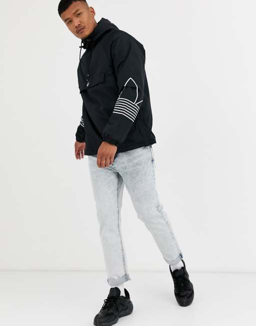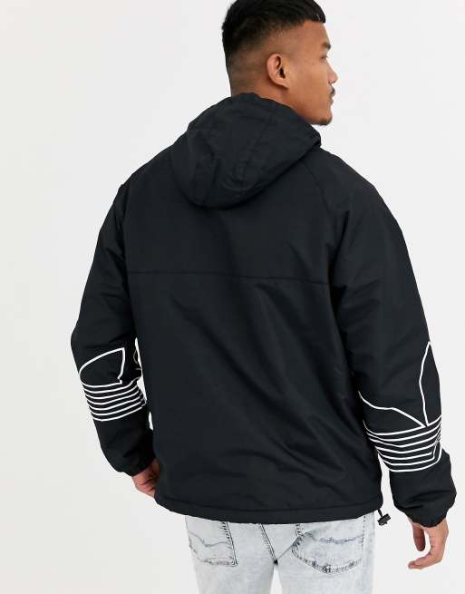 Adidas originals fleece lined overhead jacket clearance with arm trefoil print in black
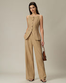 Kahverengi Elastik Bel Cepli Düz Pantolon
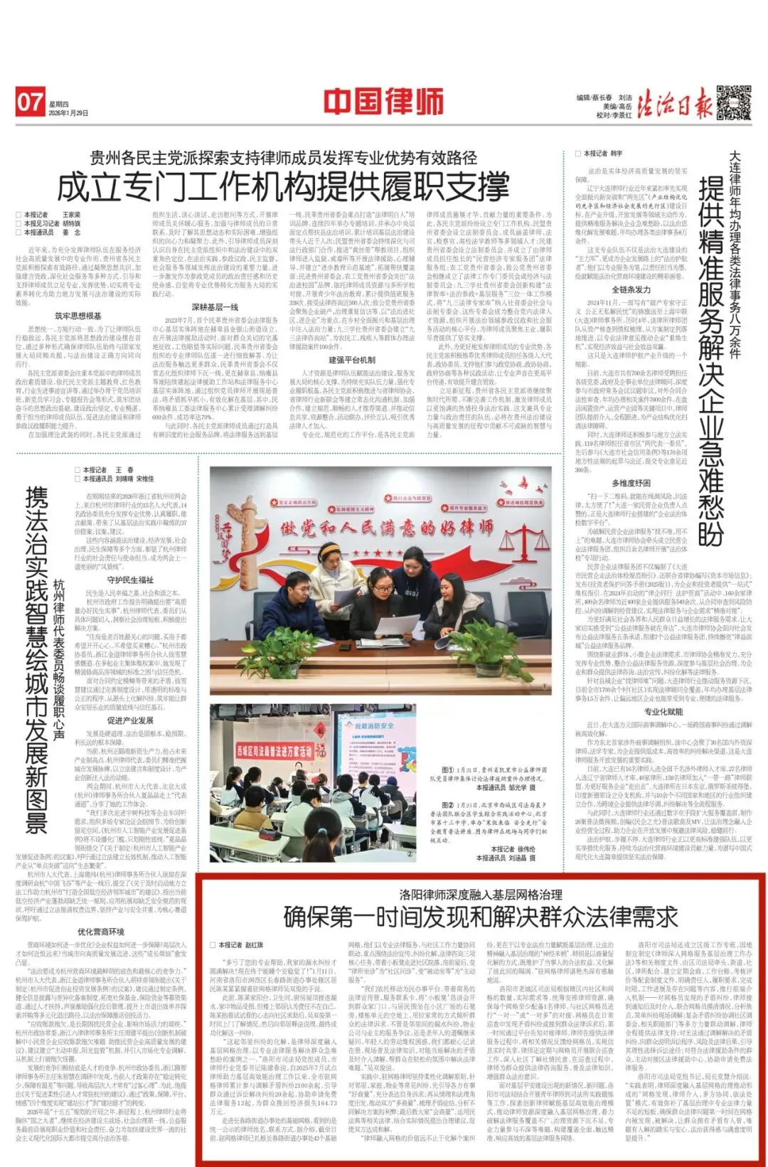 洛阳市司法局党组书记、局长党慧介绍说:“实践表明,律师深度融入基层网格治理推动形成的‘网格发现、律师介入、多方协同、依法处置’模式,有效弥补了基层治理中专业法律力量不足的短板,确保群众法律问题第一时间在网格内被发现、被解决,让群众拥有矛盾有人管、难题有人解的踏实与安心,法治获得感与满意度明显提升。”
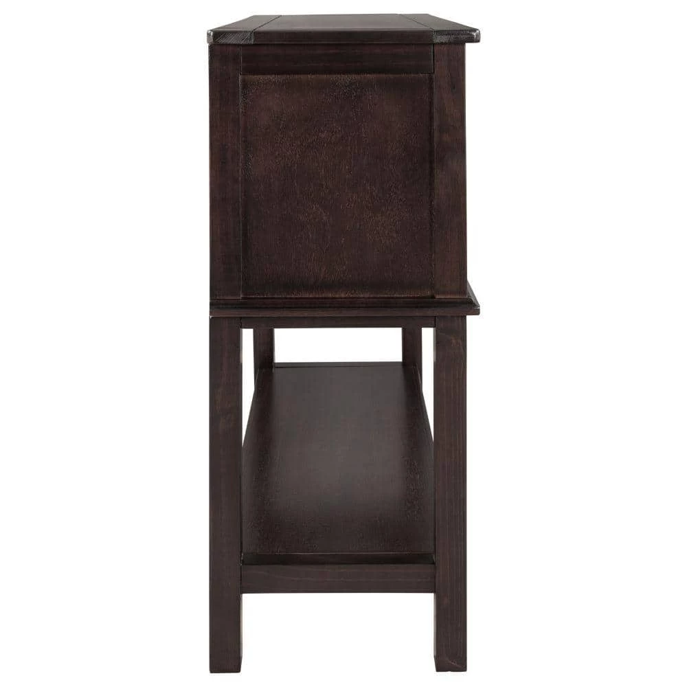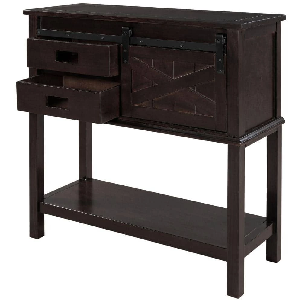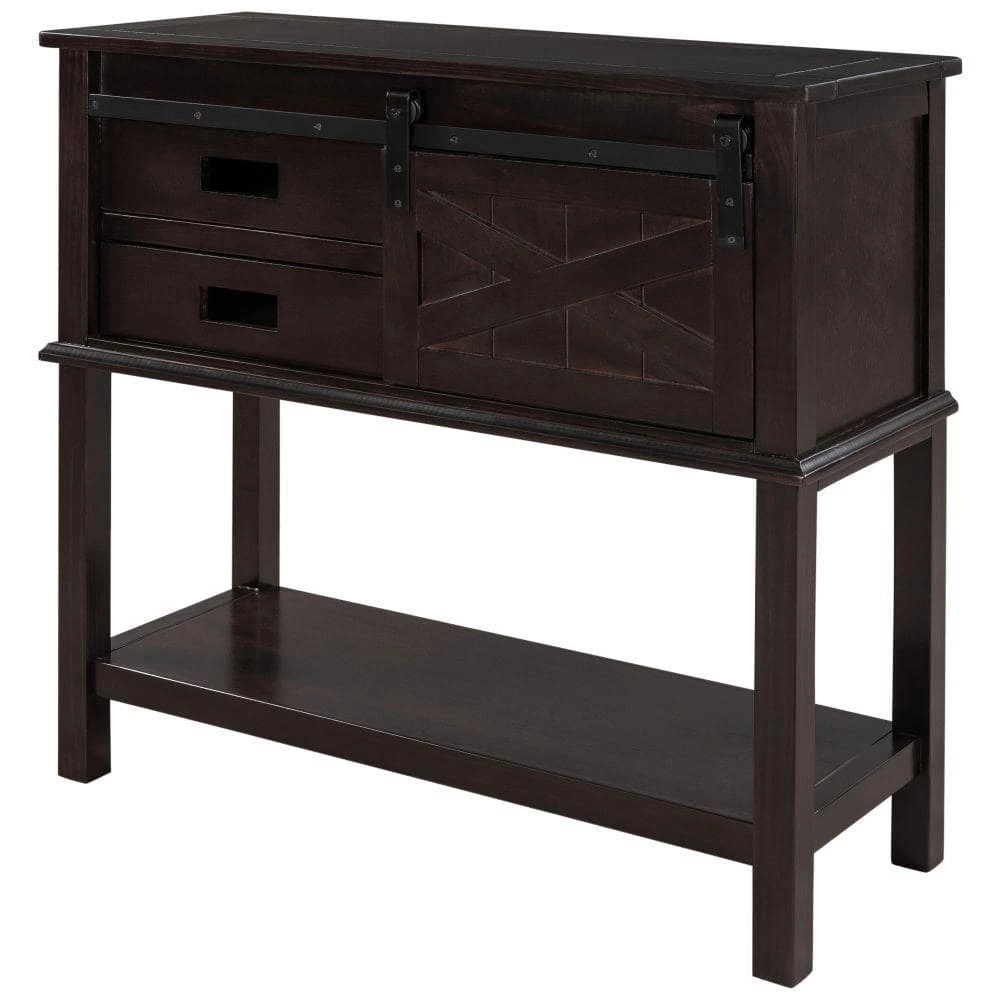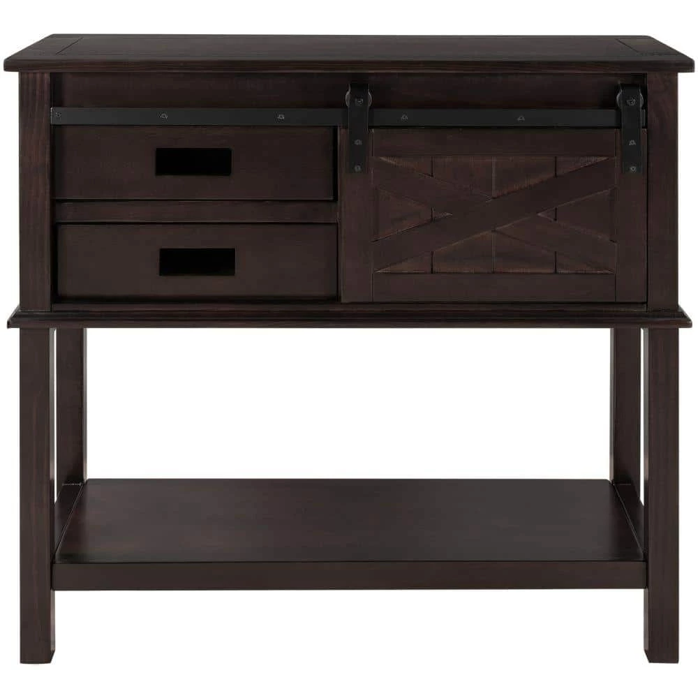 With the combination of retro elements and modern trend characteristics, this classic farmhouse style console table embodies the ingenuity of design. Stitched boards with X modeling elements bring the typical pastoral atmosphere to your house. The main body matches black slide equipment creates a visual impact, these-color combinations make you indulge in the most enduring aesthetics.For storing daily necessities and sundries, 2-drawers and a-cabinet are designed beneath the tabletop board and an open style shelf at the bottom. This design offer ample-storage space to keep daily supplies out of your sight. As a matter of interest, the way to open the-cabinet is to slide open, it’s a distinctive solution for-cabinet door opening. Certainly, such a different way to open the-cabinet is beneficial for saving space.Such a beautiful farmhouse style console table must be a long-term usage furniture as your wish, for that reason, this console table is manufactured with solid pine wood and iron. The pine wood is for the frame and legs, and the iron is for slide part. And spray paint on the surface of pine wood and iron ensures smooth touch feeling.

==

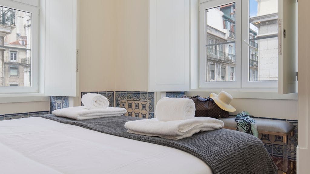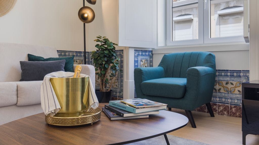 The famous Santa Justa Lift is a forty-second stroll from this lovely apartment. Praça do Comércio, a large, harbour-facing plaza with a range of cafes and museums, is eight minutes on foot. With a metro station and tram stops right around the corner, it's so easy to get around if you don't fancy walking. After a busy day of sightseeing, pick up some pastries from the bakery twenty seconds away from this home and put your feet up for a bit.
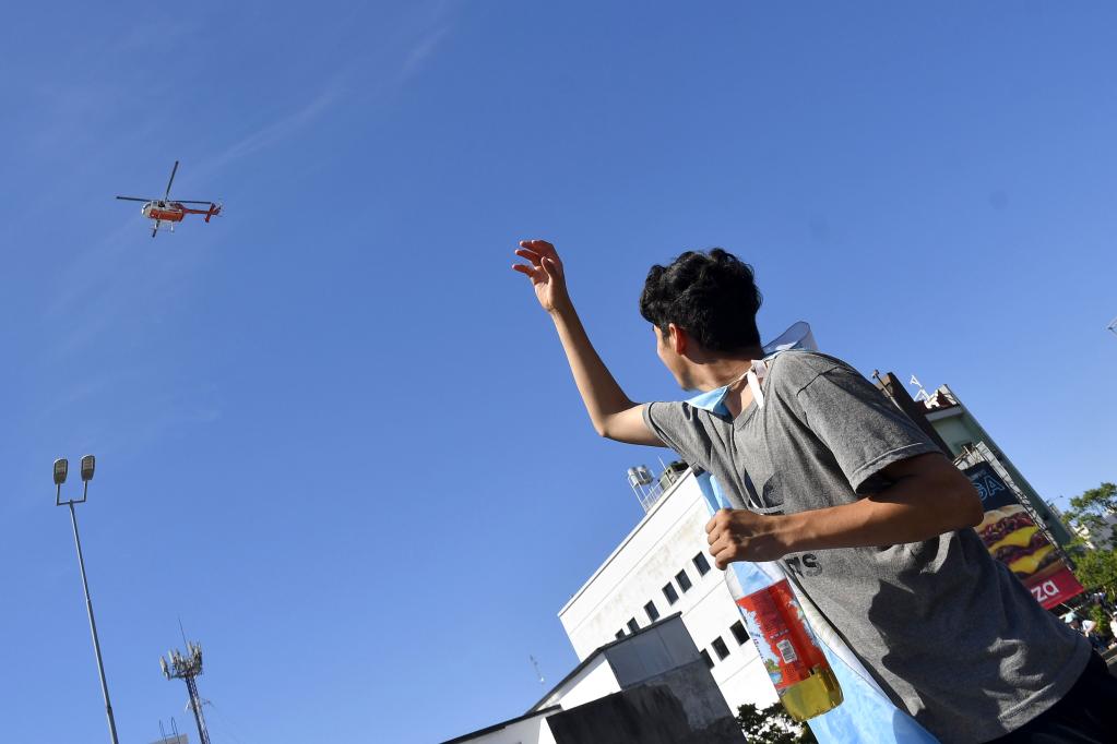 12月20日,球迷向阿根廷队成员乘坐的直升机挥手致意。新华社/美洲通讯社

*Exercise*.
Transcribe the lines above exactly, beginning at the one with "Adidas originals fleece" and ending at the one with "Kahverengi Elastik Bel Cepli Düz Pantolon". Include both; exclude the pictures.

*Output of the task*.
 Adidas originals fleece lined overhead jacket clearance with arm trefoil print in black
 Kahverengi Elastik Bel Cepli Düz Pantolon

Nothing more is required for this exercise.